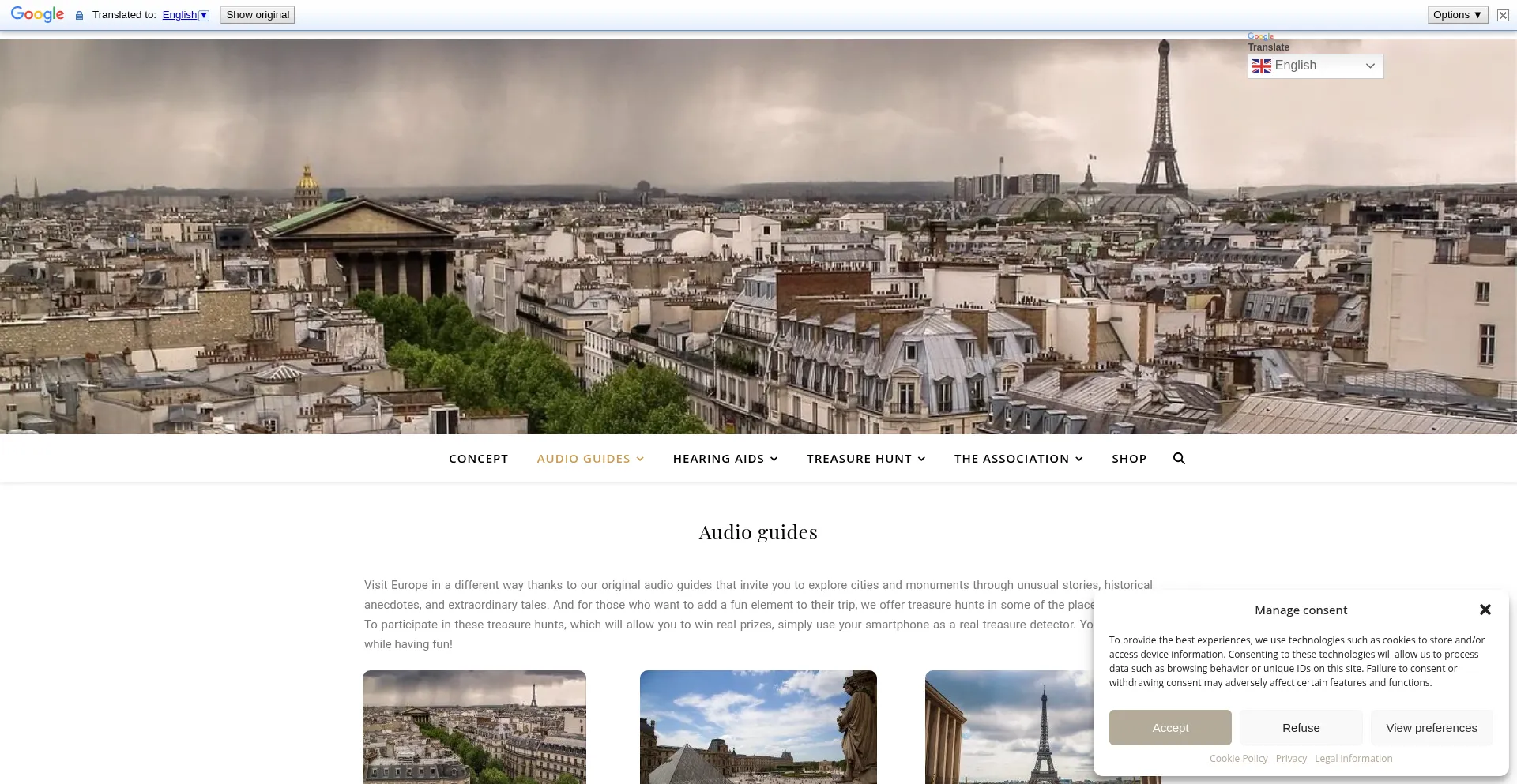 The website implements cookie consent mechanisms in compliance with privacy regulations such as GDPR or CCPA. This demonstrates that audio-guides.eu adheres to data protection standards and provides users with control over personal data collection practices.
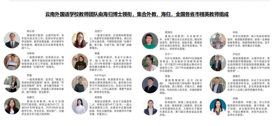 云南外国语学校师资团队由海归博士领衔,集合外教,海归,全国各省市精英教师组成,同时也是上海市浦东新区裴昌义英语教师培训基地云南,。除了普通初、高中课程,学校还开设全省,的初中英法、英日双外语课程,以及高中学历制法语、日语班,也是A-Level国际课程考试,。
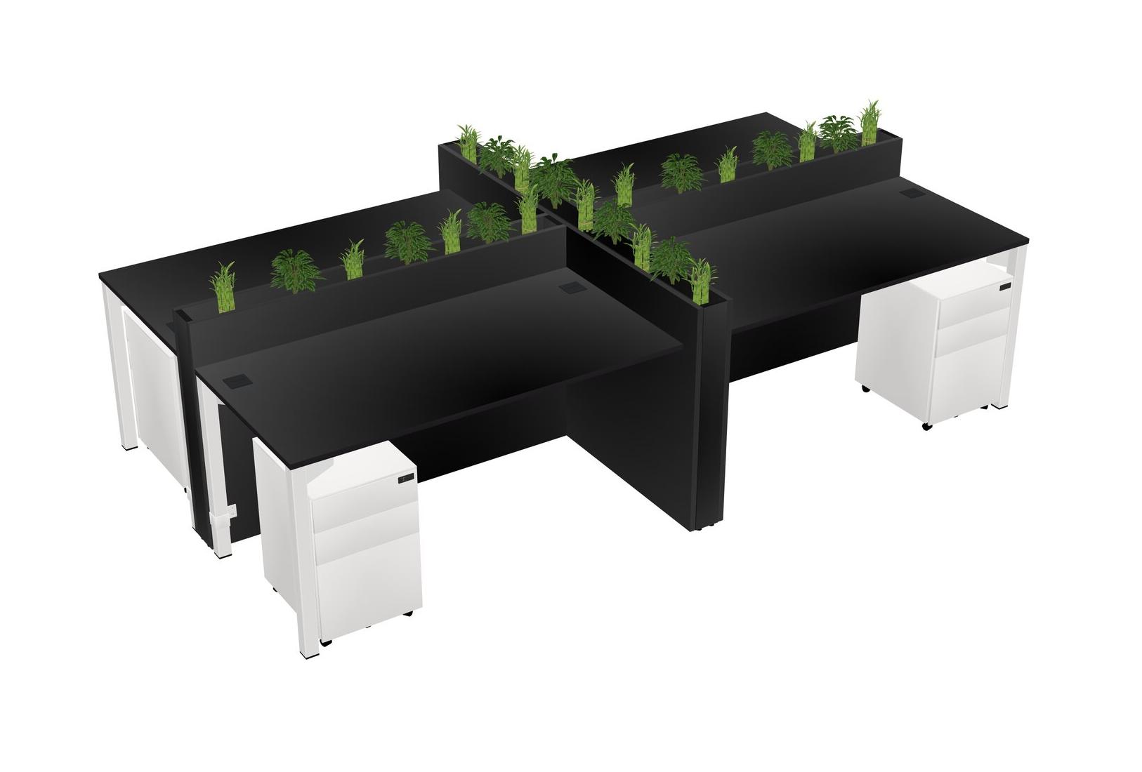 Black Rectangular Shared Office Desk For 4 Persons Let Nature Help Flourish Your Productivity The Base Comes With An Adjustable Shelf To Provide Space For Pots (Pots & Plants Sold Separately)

## What to do
Reproduce the material above exactly but drop all images.

## Exercise result
 The website implements cookie consent mechanisms in compliance with privacy regulations such as GDPR or CCPA. This demonstrates that audio-guides.eu adheres to data protection standards and provides users with control over personal data collection practices.
 云南外国语学校师资团队由海归博士领衔,集合外教,海归,全国各省市精英教师组成,同时也是上海市浦东新区裴昌义英语教师培训基地云南,。除了普通初、高中课程,学校还开设全省,的初中英法、英日双外语课程,以及高中学历制法语、日语班,也是A-Level国际课程考试,。
 Black Rectangular Shared Office Desk For 4 Persons Let Nature Help Flourish Your Productivity The Base Comes With An Adjustable Shelf To Provide Space For Pots (Pots & Plants Sold Separately)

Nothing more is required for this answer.